This is a classic example of how to use Ampere's law, which relates the total net magnetic field around a closed loop to the current penetrating the area bounded by the loop (in its full result, it is modified into the Ampere-Maxwell law, but we can deal with just Ampere's law here). One way of expressing this mathematically is that:
∫B·dl = μoi
where
B = magnetic field around a loop
dl = infinitesimal length unit vector around loop
i = current passing through the area bounded by the loop
The integral on the left above represents line integration around the length of the closed loop, giving the total net magnetic field along the loop.
With the cavity off-axis, we lose some of the straightforward symmetric arguments that lead us to the conclusion that B = 0 inside an on-axis cavity. However, symmetry and previous solutions can still help, as long as the cavity is fully inside the wire (a variation can still help even in other cases). This may be hard to follow without a diagram, but here goes.
Take a point inside the cavity. We can draw a vector r from the center of the wire to that point. We can also draw a vector r' from the center of the cavity to that point. Imagine a circle of radius r' center on the center of the cavity. If there were still wire inside the cavity, we could conceptually imagine a wire of radius r', centered on the cavity, carrying the same current density (assuming the current is uniform, which we will in the absence of more information).
If the wire were still completely solid, we could just figure out the magnetic field at that point a distance r from the center using a nicely symmetric implementation of Ampere's law. However, with the cavity scooped out, that symmetry is broken. HOWEVER, we can still consider the magnetic field at that point to be the magnetic field the wire would have there if it were still solid MINUS the contribution from a wire of radius r' centered on the cavity.
For the point inside the cavity discussed above, we can take from previous solutions that the magnetic field at that point in a completely solid wire wraps around the wire (according to the right-hand rule). Because of this configuration, it will be convenient to use polar coordinates, and describe that field as being in the "theta-hat" direction. Its magnitude will be the magnitude of a magnetic field at the outer edge of a current-carrying wire, and will be related to the amount of current enclosed by a circle of radius r compared to the current in the entire wire. By previous results (which we can derive, if needed) this means:
Bwire(r) = μoI(πr2/πR2)/(2πr) θ-hat = μoIr/(2πR2) θ-hat
where
r = magnitude of vector r from center of wire to point inside cavity
I(πrr/πR2) is the fraction of the total current of the original wire enclosed within a circle of radius r, for the given wire with radius R.
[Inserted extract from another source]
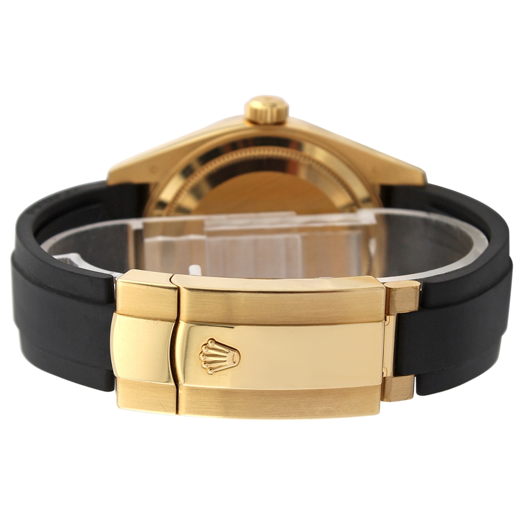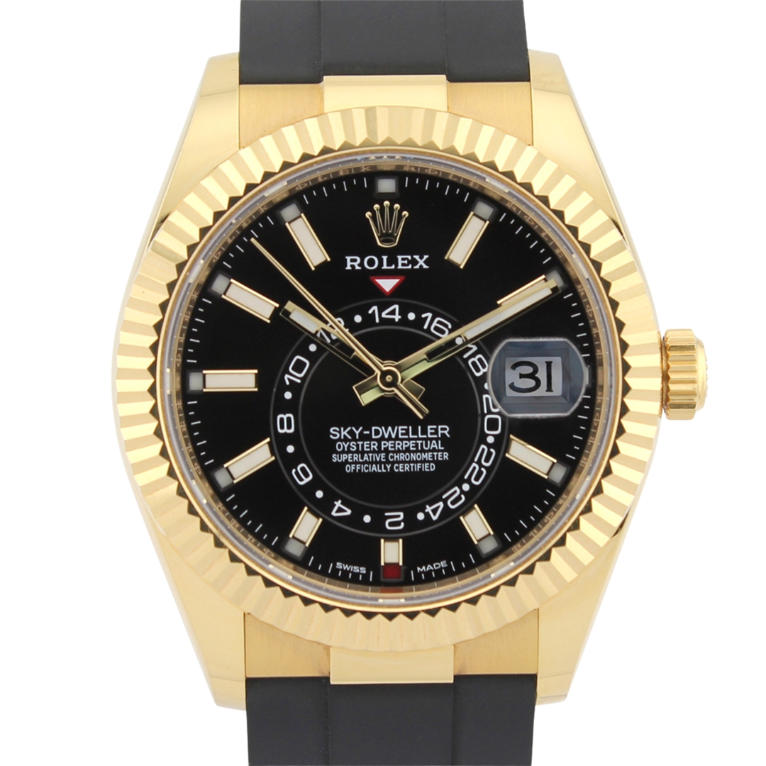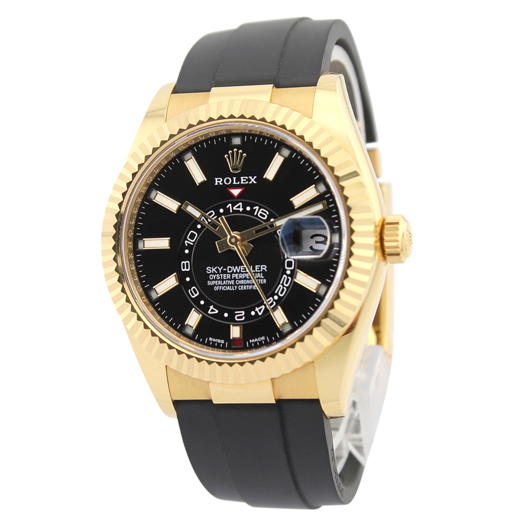 A Rolex Sky-Dweller Watch, Black Oysterflex Rubber Strap with an 18ct Yellow Gold Case & Clasp on a Black Dial.

Likewise, for the magnetic field generated by a conceptual part of the original wire centered on the cavity and having radius r', we have:
Bcavity (r') = μoIr'/(2πR2) θ-hat
with r' as the magnitude of vector r'
Note that only the current in the part of the now-cavity within a radius r' contributes to the magnetic field at r', since (as with all wires) any current outside a given radius in our conceptual wire (centered on the cavity) contributes nothing to the field at that point r', by the usual symmetry arguments we can use for uniform current-carrying wires in those situations.
Now, Btot at the given point is the vector difference of these two vectors, Bwire(r) and Bcavity(r'), that are in the same polar direction, θ-hat. This is because, since the cavity now exists, the magnetic field contribution from the part of the wire that used to fill the cavity no longer exists. So:
Btot = Bwire(r) - Bcavity(r') = μoIr/(2πR2) θ-hat - μoIr'/(2πR2) θ-hat
This can be rewritten as:
Btot = (μoI)/(2πR2)(r θ-hat - r' θ-hat)
Now, here is some rewriting to make our understanding of this vector easier.
First, in cylindrical polar coordinates, to get the θ-hat unit vector, you can cross z-hat with r-hat. So, to get (r θ-hat) as a result, you can take:
(z-hat) x( r r-hat) [which equals (magnitude of z-hat)(magnitude of r r-hat)(sine of angle between r-hat and z-hat) θ-hat = (1)(r)sin(90o) θ-hat = r θ-hat]
So we can rewrite Btot = (μoI)/(2πR2)[(z-hat x r r-hat) - (z-hat x r' r-hat)]
And since what we are calling (r r-hat) is equivalent to our original vector r, and (r' r-hat) is equivalent to our original r', we have:
Btot = (μoI)/(2πR2)[(z-hat x r) - (z-hat x r')]
Now, we can take advantage of a particular relationship between r and r'. Imagine drawing a vector a from the center of the original wire to the center of the cavity. Once the cavity is placed, this vector is a constant (since the center of the wire and center of the cavity do not change position). Since r and r' point to the same spot -- with r originating at the center of the wire and r' at the center of the cavity -- we can write the vector equation:
a + r' = r
which can be rearranged to r' = r - a. Putting this into the Btot expression, we get:
Btot = (μoI)/(2πR2)[(z-hat x r) - (z-hat x (r-a))]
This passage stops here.